Ecogastronomy also immerses students in international food cultures. The curriculum explores the history, cooking methods, and aesthetics of local and international cuisine, which helps students understand how culture shapes food.

Pop culture studies

In a pop culture studies major, students learn about various aspects of popular culture and study its impact on society. They analyze television shows, movies, music, and social media, interpreting their role in shaping societal norms.

Students learn to deconstruct advertising campaigns and understand the marketing strategies behind them. The curriculum also covers the history and evolution of popular culture, tracing it from the era of print media to the digital age.

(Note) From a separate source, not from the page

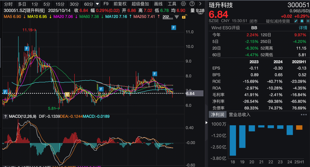 截至10月14日收盘,琏升科技股价为6.84元/股,总市值约为25亿元。
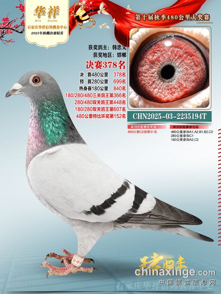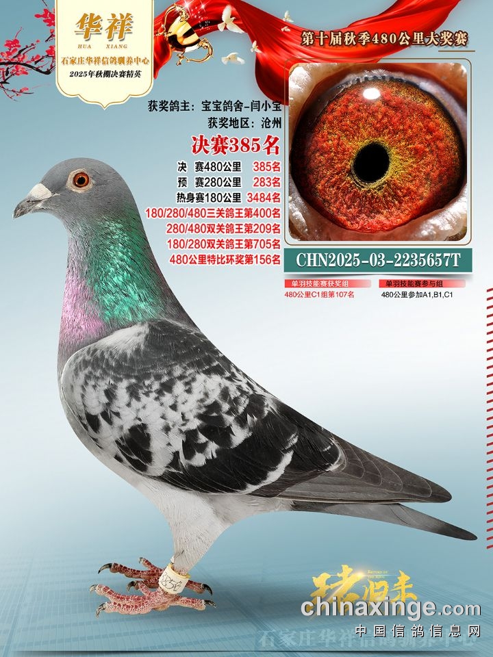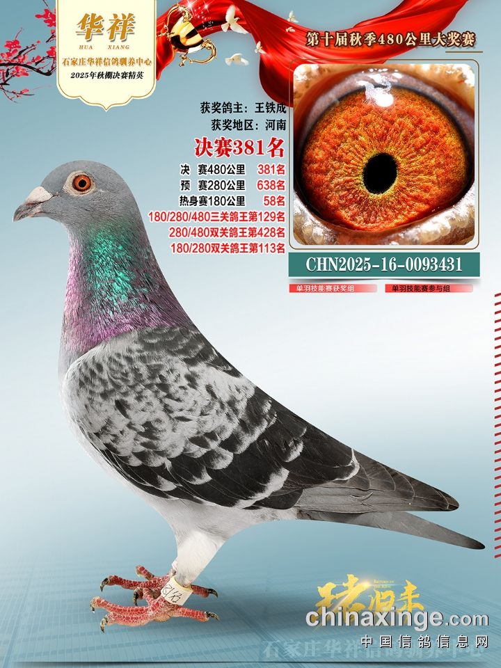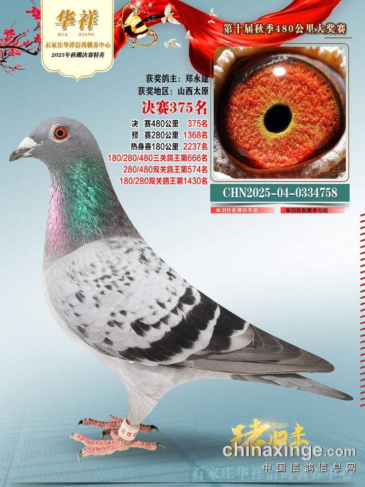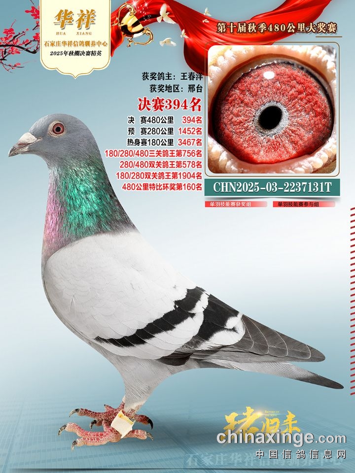 华祥公棚480公里决赛371名-400名获奖鸽图片赏析

This major also hones students’ critical thinking and analytical skills, which can be applied in various professions. This academic training prepares them for marketing, public relations, and journalism careers where they can influence popular culture.

Nautical archeology

Nautical archaeology involves studying the history hidden beneath the oceans and other water bodies. This major exploresthe mysterious underwater world, where scholars decode remnants of shipwrecks, sunken cities, and other submerged heritage sites.

The program equips learners with archaeological methods, diving skills, and an understanding of maritime history. These unique learning experiences prepare students for a variety of career paths. Graduates can work with museums to curate exhibits showcasing maritime artifacts or engage in research at academic institutions. Alternatively, they can collaborate with governmental agencies, helping conserve and manage underwater cultural heritage.


The shift towards unconventional areas of study showcases the diverse spectrum of human interest and the agility of academic institutions in catering to these needs. Whether you’re intrigued by the intricacies of nonprofit management or drawn to the enigma of nautical archaeology, there’s a major that’ll fuel your passion. So make a pick and start learning new things.